EYEWITNESS LOCAL NEWSBusiness Chooses To Lose Money For Their Customers Safety
from Eyewitness News Online
Reported: Jan. 17, 2014 10:24 PM EST
CHARLESTON, W.Va. (Katy Brown) -- It's certainly been a hard week for businesses and restaurants in the area.
One of those business is Gunnoe's.The doors there remain closed with the customer's safety in mind.
"If you put your last name on a product, it better be right," said Joy Gunnoe, owner of Gunnoe’s.
And to protect Gunnoe's name -- and more importantly -- their quality of food, production of meats, salads, and cheese has been put on hold.
The company’s shutdown started on Tuesday after a miscommunication with West Virginia American Water Company.

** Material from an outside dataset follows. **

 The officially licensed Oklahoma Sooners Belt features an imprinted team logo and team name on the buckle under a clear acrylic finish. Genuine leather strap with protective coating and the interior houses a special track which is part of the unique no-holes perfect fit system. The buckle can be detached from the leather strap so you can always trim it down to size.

After the Oakridge Road area of Charleston was cleared late Monday night and Gunnoe’s flushed, sterilized, and sanitized their warehouse -- and even started production again -- the water company said there was a mistake.
"I'm horrified that West Virginia American Water would give a food manufacturer an ok to go ahead,” said Gunnoe, “And go back into production when we were in fact still in the red."

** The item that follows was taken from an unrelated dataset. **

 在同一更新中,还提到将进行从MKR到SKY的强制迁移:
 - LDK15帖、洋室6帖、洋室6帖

More than 10,000 pounds of food was produced before the mistake was caught. Luckily, nothing had been delivered to customers and Gunnoe said it will be that way for a while.

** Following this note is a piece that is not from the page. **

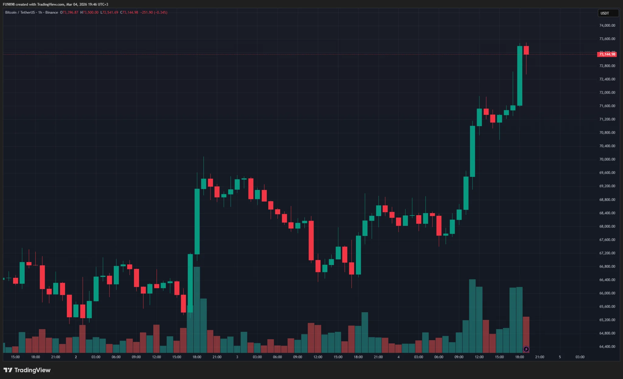 According to market data, Bitcoin rose approximately 8% during the day, climbing above $73,000 and reaching its highest level in about a month. Ethereum, the second-largest cryptocurrency, also surged by up to 9%, climbing above $2,100.
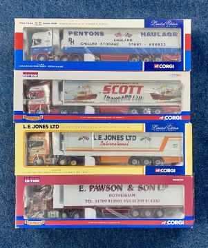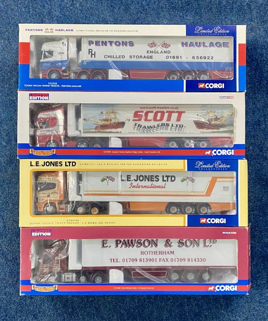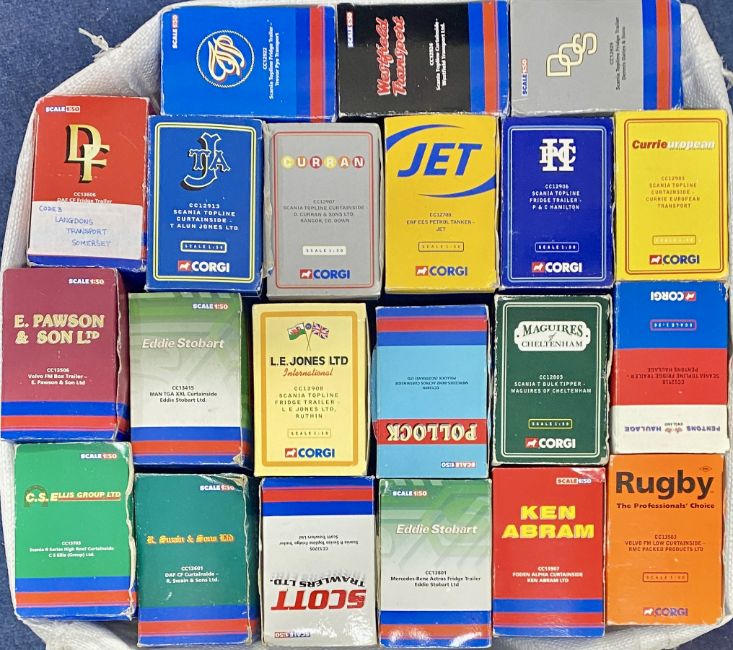 Collection of 21 Corgi model haulage trucks, boxed. Including limited editions. Scale 1:50, CS Ellis Group ltd, E Pawson & sons ltd Langdons Transport, R Swain & Sons, Eddie Stobart, T Alun Jones, Curran, LE Jones, Scott Trawlers, Eddie Stobart, Pollock,

"In these circumstances, nobody seems to have any guidance or guidelines or anything to help.”
And because of that lack of guidance, Gunnoe said anything produced from last Thursday, the day of the spill, and after will not be sent to customers.
And when it comes to the trust in the water company, Gunnoe said it’s gone. She has now reached out for independent testing of not only her water, but the food at Gunnoe's as well.
"I felt too uneasy,” said Gunnoe, “This is a time that uneasy feeling paid off."
On Friday, on set of results came back showing about half of 1 part per million was still in the water.
Although that is below the "safe to use" standard, Gunnoe said she refuses to restart production until those levels read zero.
So while the doors at Gunnoe's remain shut and the delivery trucks stay in park, Gunnoe just hope this serves as a wake up call for food manufacturers across the nation.
"I've got a big responsibility as a food manufacturer,” said Gunnoe, “You've got to protect your consumer."
Gunnoe did want to stress that not all food is being made here in Charleston.
Some of the sausage is produced in Virginia at their sister site where the water is just fine. Only food production in Charleston has been put on hold.